**EXERCISE:** Output each record below exactly. No images go in the copy.

Extracted records
[Start of Attachment]
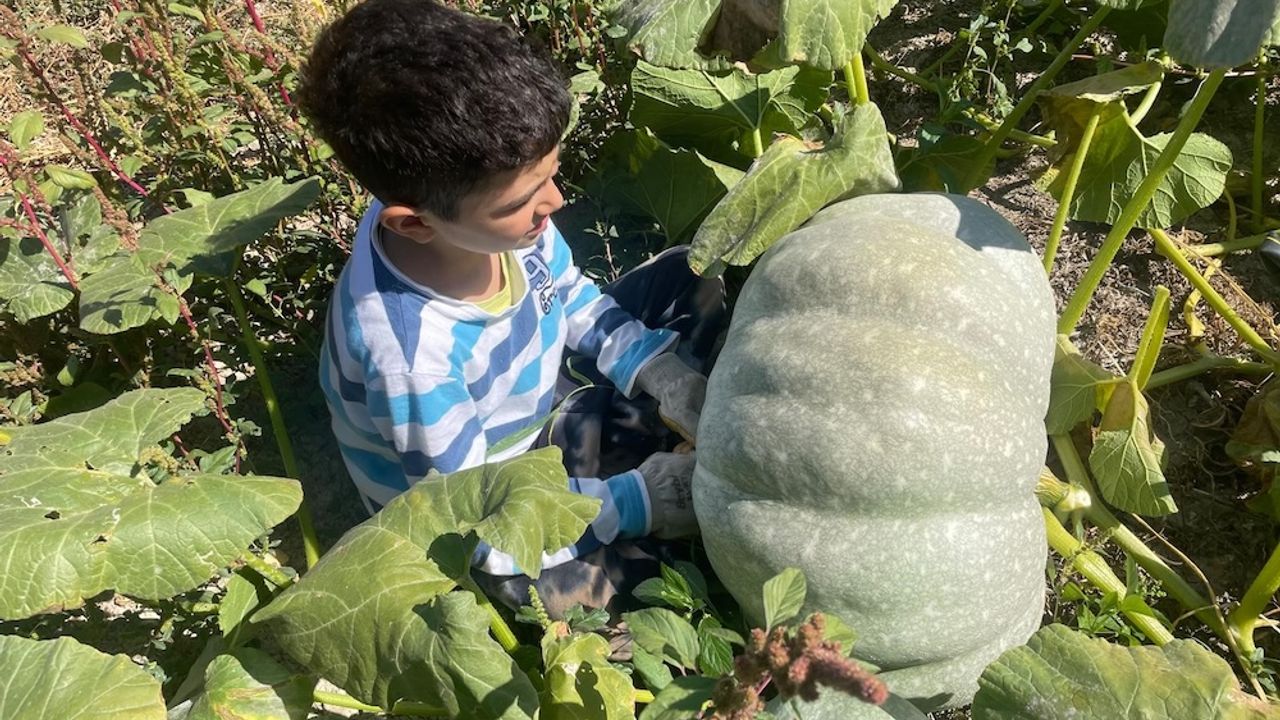 Diyarbakır’da çiftçi Yurdagül Çavdar, bahçesinde hasat sırasında 40 kiloya ulaşan iki dev bal kabağıyla karşılaştı. Bahçedeki fasulye, biber ve domatesleri de kendi tüketimi için yetiştiren Çavdar, kabakları gördüğünde büyük bir mutluluk yaşadı.
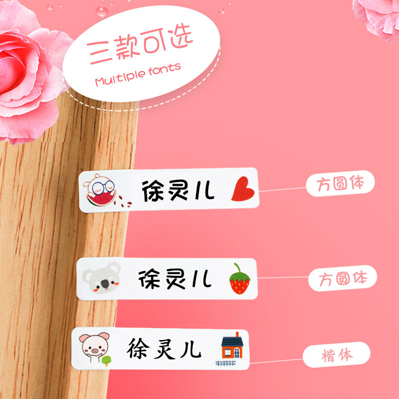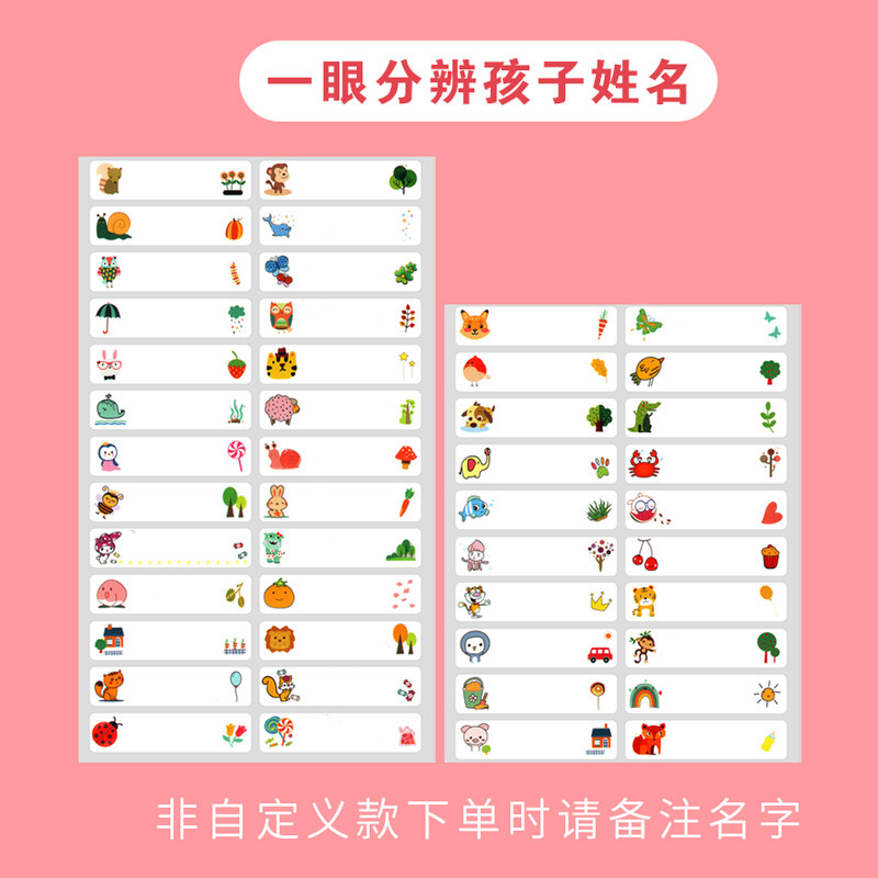 防水姓名贴定制小学生名字贴纸幼儿园可爱卡通杯子水杯铅笔文具标签签名记号贴纸订制防撕坏自粘不干胶定做
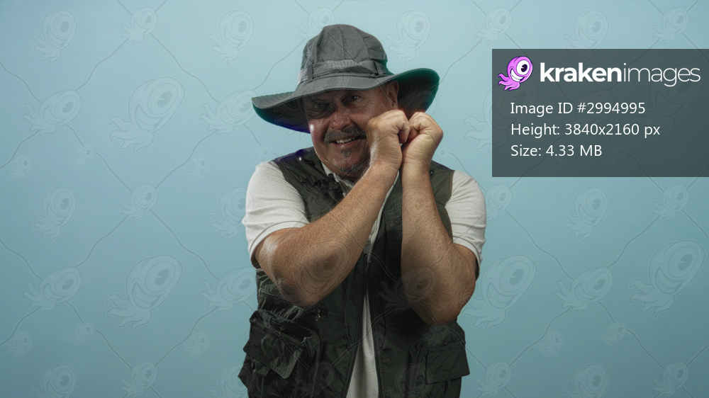 Man fisherman wearing wide brim hat and fishing vest clasps hands near cheek and smiles in studio portrait; playful contentment.
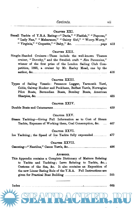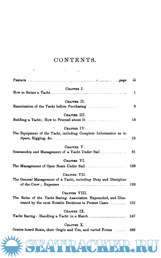 Year: 1900 Language: english Author: Dixon Kemp Genre: Practical guide Format: PDF Quality: Scanned pages Pages count: 685 Description: The first edition of "Yacht and Boat Sailing" was published in 1878, and, whilst the general plan of that edition has been maintained in snGcesaive issues, the matter relating to yachts and sailing boats has from time to time been considerably altered or exchanged for new subjects. The instruction as to rigging a yacht, seamanship, and the general handling of vessels under sail remains much the same as originally written, but where necessary each subject has been revised and made to accord with present practice. The chapters dealing with yacht racing have also been revised, and in many instances re-written; in short, the whole work has been brought up to date and made thoroughly representative of contemporary yachting in all its branches. In selecting a yacht, a man, as in making other purchases, will be guided by his tastes and his means. If he is really fond of the art of fore and aft sailing, and looks forward to a life on the sea with the professional keenness of a middy or apprentice, his desire will be to obtain a yacht which he can direct the handling of himself. If, on the other hand, the dawning yachtsman has boundless wealth, is a little of a sybarite, and determines to spend two or three months afloat because it is the fashion, he, too, will get a yacht to his taste; but she will probably be a large steamer, unless he has determined on racing, when a large cutter, yawl, or perhaps a schooner would be chosen.
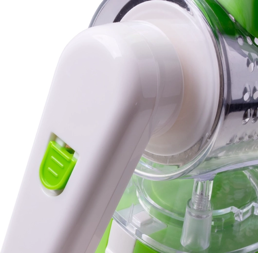 Răzătoare rotativă manuală rapidă și eficientă, care rade ușor și rapid brânză, legume, fructe și nuci. Este echipată cu o deschidere largă, capabilă să radă sau să felieze în câteva secunde cantități mari de alimente, și cu un piston de presare care îți menține degetele în afara razelor. Oferă montare ușoară a lamelor interschimbabile. Dozatorul înclinat reduce eventualele înfundări. Are o bază cu ventuză, care fixează în siguranță dozatorul pe o suprafață curată, uscată și neporoasă.
[End of Attachment]
**TASK RESULT:**
 Diyarbakır’da çiftçi Yurdagül Çavdar, bahçesinde hasat sırasında 40 kiloya ulaşan iki dev bal kabağıyla karşılaştı. Bahçedeki fasulye, biber ve domatesleri de kendi tüketimi için yetiştiren Çavdar, kabakları gördüğünde büyük bir mutluluk yaşadı.
 防水姓名贴定制小学生名字贴纸幼儿园可爱卡通杯子水杯铅笔文具标签签名记号贴纸订制防撕坏自粘不干胶定做
 Man fisherman wearing wide brim hat and fishing vest clasps hands near cheek and smiles in studio portrait; playful contentment.
 Year: 1900 Language: english Author: Dixon Kemp Genre: Practical guide Format: PDF Quality: Scanned pages Pages count: 685 Description: The first edition of "Yacht and Boat Sailing" was published in 1878, and, whilst the general plan of that edition has been maintained in snGcesaive issues, the matter relating to yachts and sailing boats has from time to time been considerably altered or exchanged for new subjects. The instruction as to rigging a yacht, seamanship, and the general handling of vessels under sail remains much the same as originally written, but where necessary each subject has been revised and made to accord with present practice. The chapters dealing with yacht racing have also been revised, and in many instances re-written; in short, the whole work has been brought up to date and made thoroughly representative of contemporary yachting in all its branches. In selecting a yacht, a man, as in making other purchases, will be guided by his tastes and his means. If he is really fond of the art of fore and aft sailing, and looks forward to a life on the sea with the professional keenness of a middy or apprentice, his desire will be to obtain a yacht which he can direct the handling of himself. If, on the other hand, the dawning yachtsman has boundless wealth, is a little of a sybarite, and determines to spend two or three months afloat because it is the fashion, he, too, will get a yacht to his taste; but she will probably be a large steamer, unless he has determined on racing, when a large cutter, yawl, or perhaps a schooner would be chosen.
 Răzătoare rotativă manuală rapidă și eficientă, care rade ușor și rapid brânză, legume, fructe și nuci. Este echipată cu o deschidere largă, capabilă să radă sau să felieze în câteva secunde cantități mari de alimente, și cu un piston de presare care îți menține degetele în afara razelor. Oferă montare ușoară a lamelor interschimbabile. Dozatorul înclinat reduce eventualele înfundări. Are o bază cu ventuză, care fixează în siguranță dozatorul pe o suprafață curată, uscată și neporoasă.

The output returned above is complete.